Fennec Pharmaceuticals announced a new investigator-sponsored study for PEDMARK® to evaluate its use in AYA and adult patients with head and neck and testicular cancers, aiming to expand the drug's market and clinical evidence.

check_boxKey Events

• New Investigator-Sponsored Study Initiated

  The University of Arizona Cancer Center has initiated a Phase I/II open-label trial to evaluate PEDMARK® (sodium thiosulfate injection) as an otoprotectant in adolescent and young adult (AYA) and adult patients with head and neck and testicular cancers receiving cisplatin chemotherapy.
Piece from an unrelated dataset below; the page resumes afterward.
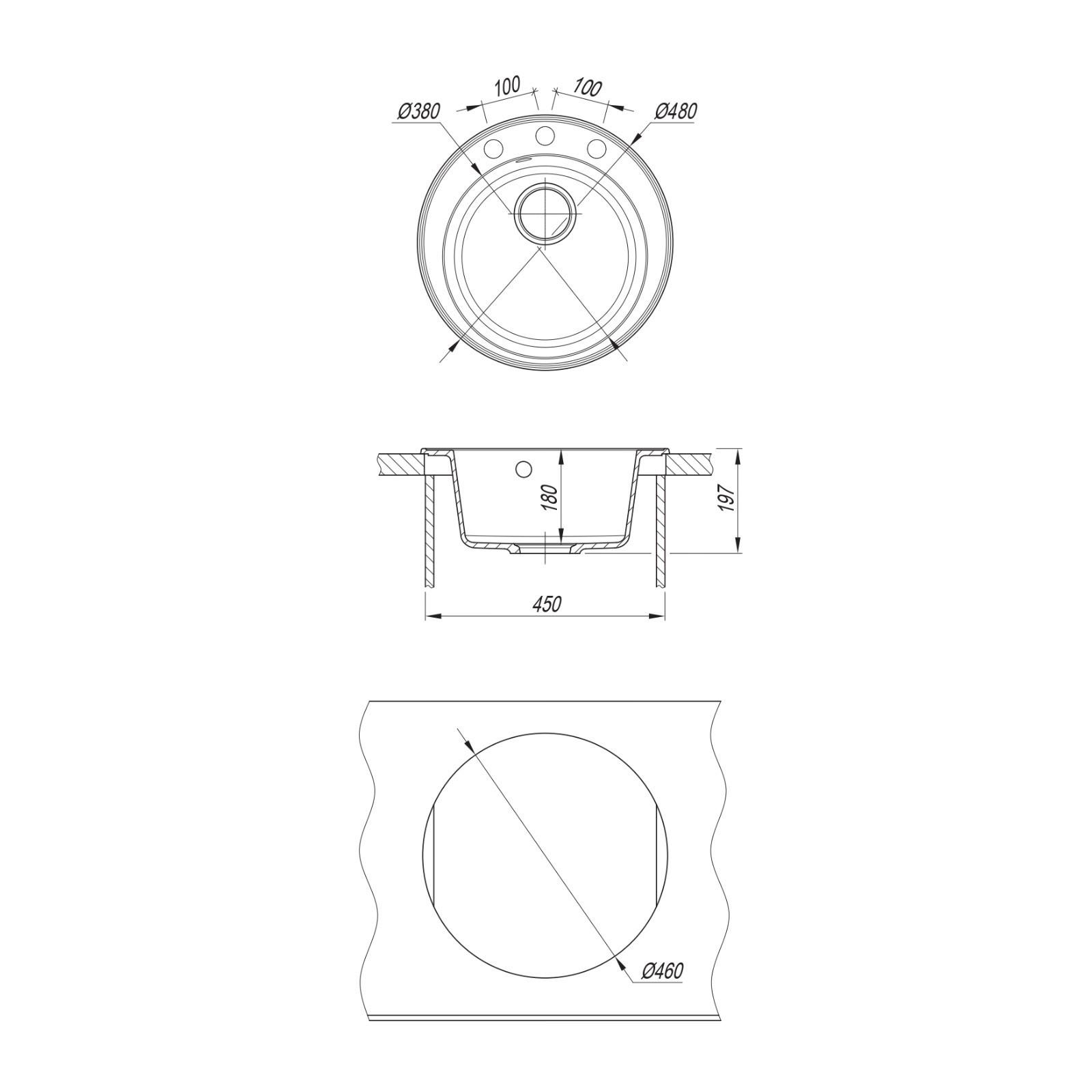 Мойка кухонная из камня Dr.Gans Smart «ПИОН-480» d=480 мм, h=180 мм, цвет белый

• Expansion of PEDMARK®'s Potential Use

  This study aims to build real-world evidence and expand the understanding of PEDMARK®'s benefits beyond its current FDA-approved indication for pediatric patients, potentially supporting broader clinical adoption and future label expansion for AYA and adult cancer patients.

• Ongoing Research Efforts

  This new study follows the initiation of two other institution-led clinical studies announced in March 2026 and December 2025, demonstrating Fennec's commitment to supporting independent research for PEDMARK®.

auto_awesomeAnalysis

Fennec Pharmaceuticals announced the initiation of a new investigator-sponsored study for its drug, PEDMARK®, at the University of Arizona Cancer Center. This study will evaluate PEDMARK® in adolescent and young adult (AYA) and adult patients with head and neck and testicular cancers receiving cisplatin. This is a positive development as it expands the clinical evidence and potential market for PEDMARK® beyond its current pediatric indication, aligning with the company's strategy to support broader clinical adoption and potential label expansion. The company has recently announced other similar institution-led studies, indicating a concerted effort to build real-world data for its key product.